Uprzedzam, że tytuł odnosi się oczywiście do opowiadanka, nie do mojego obecnego stanu ducha ;) (nie zepsuł tego nawet piątek trzynastego ;)). W szkole jeszcze nigdy nie miałam takiego luzu - na połowie lekcji oglądamy filmy, często latamy do parku znajdującego się miedzy gimnazjum i liceum, a normalne lekcje mamy na tylu przedmiotach, że możnaby je policzyć na palcach jednej ręki!
Oto owoc tygodnia bez ani jednego sprawdzianu... musiałam coś zrobić z rękami - znów origami modułowe, które chyba nigdy mi się nie znudzi!!!
A teraz przechodzę do tekściku, po nieudanej próbie utrzymania mrożącego krew w żyłach wstępu. ;)
Ostatni rozdział: http://deterrasomnia.blogspot.com/2014/05/r-ii-nadzieja-umiera-ostatnia.html
Rozdział II część IV - dedyk dla Minou, która chyba zawsze chciałaby. aby wszyscy wstawili więcej tekstu ;)
"Chciałabym, żeby koszmar był zawsze snem."
- K.A.R.K. z serwisu "cytaty.info
IX
Merlin chodził niecierpliwe po komnacie z okropnym
przeczuciem, że nic nie jest w stanie zrobić. Zamknął oczy.
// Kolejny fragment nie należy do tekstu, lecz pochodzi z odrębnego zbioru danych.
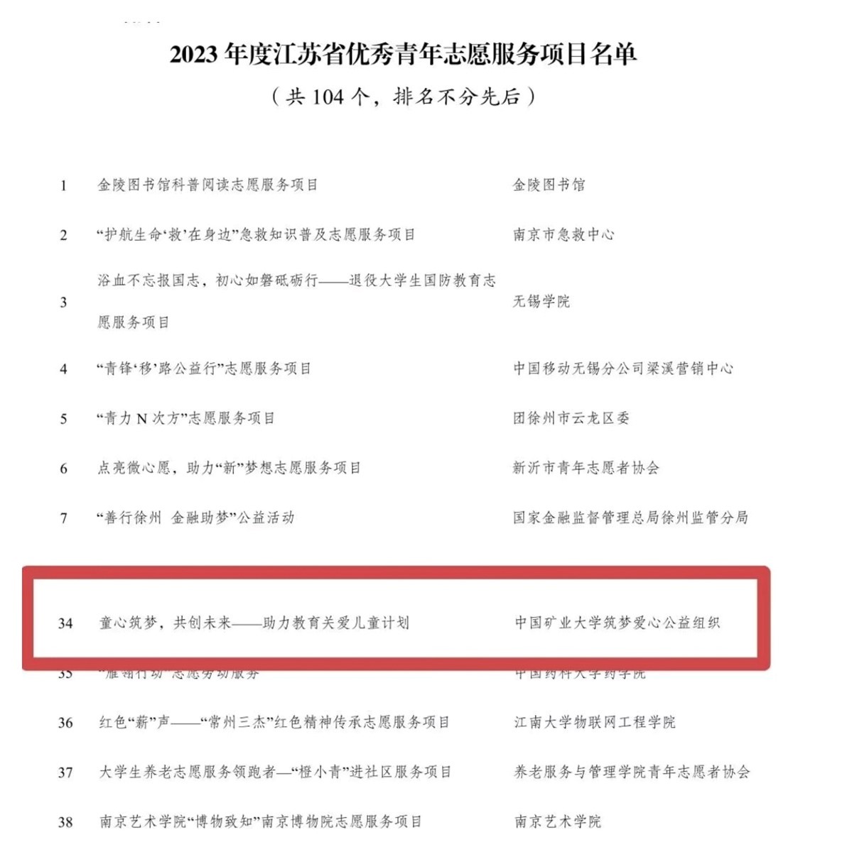 筑梦爱心公益组织推出的志愿服务项目“童心筑梦,共创未来——助力教育关爱儿童计划”在此次评选中荣获“2023年度江苏省优秀青年志愿者服务项目”荣誉。

Usilnie się
zastanawiał.
Rozmyślania przerwał mu trzask zamykanych drzwi. Do pokoju
wszedł Gajusz. Z jego oczu tryskały błyskawice.
- Merlinie, coś ty zrobił?
- Artur mi nie pomógł.
- Uratował twoje życie, a ty byłeś tak wielkim głupcem, że
poświęciłbyś najchętniej i siebie i biedną Gwen!
- Tobie też zależy na jej ocaleniu?
Oczy chłopaka powiększyły się, a Gajusz spiorunował go
wzrokiem.
- Oczywiście, że tak. Widziałem jak dorasta...
- Nie wiem, jak to naprawić. To wszystko przeze mnie.
Nagle medyk poczuł przypływ litości. Usiadł obok swojego
ucznia.
- Czasem, gdy bardzo czegoś pragniemy, wszystko układa się
inaczej, niż byśmy sobie zażyczyli. Musisz iść w stronę, która pozwoli Ci
ocalić Artura, a co za tym idzie i pięć królestw.
- Czy muszę pozwolić Gwen umrzeć?
- Rozmawiałeś z Kilgharrą?
- Kazał mi szukać prawdy u źródeł. Dzięki temu odkryłem, że
to w wodzie jest trucizna. - nagle przymknął oczy, bo jakaś myśl nagle
zajaśniała mu w głowie - Mówiłeś o kobiecie, która rzuciła ten czar. Ludzie
dalej umierają.
- Nawet jeśli nie ocalisz Gwen, musisz ratować innych.
- Tym razem trzeba oczyścić wodę, tylko jak?
- Znajdziemy jakiś sposób.
Medyk był rad, że choć na chwilę myśli młodego czarodzieja
przestały krążyć wokół egzekucji Gwen, która miała się odbyć już nazajutrz
rano.
*
Lady Morgana obudziła się z wrzaskiem pośród nocy. Cienki
sierp księżyca oświetlał jej komnatę, piękną szafę, misterną komódkę, iście
królewskie łoże z baldachimem, najwspanialsze w królestwie dywany...
Dama westchnęła. Oddałaby całe bogactwo, gdyby wierna służka
podeszła do niej w tym momencie i uspokoiła jej oszalałą wyobraźnię.
Przypomniała sobie swój sen i mocno zacisnęła pięści, a łzy same napłynęły jej
do oczu.
Najpierw czarnowłosa i błękitnooka wiedźma odprawiała swe
rytuały, następnie jej sztylet dotknął powierzchni wody. Wychowanica Uthera
czuła, jak przeszywa ją zimny dreszcz. Potem wszystko ucichło, widziała tylko powierzchnię
wody... aż nagle wyłonił się z niej jakiś kształt - koń, który powstał z wody,
z ogonem lwa i ciężką grzywę.
Jednak, gdy spojrzała mu w oczy, zrozumiała, że jest
niezwykły i wspaniały. Dostrzegła jego piękną atłasowo-czarną maść oraz
błękitno białą grzywę, która unosiła się, niczym targana wiatrem, w
bezwietrznej jaskini.
Nie byłaby w stanie zrobić mu krzywdy, nawet gdyby niszczył
cały Camelot, a wiedziała, że piękna istota ma zamiar to uczynić.
X
Gajusz ze zdumieniem patrzył na Lady Morganę stojącą pod
jego drzwiami. Miała wyraz najwyższego przerażenia na twarzy, trzęsła się z
zimna i drżały jej wargi - jak się domyślił; ze strachu.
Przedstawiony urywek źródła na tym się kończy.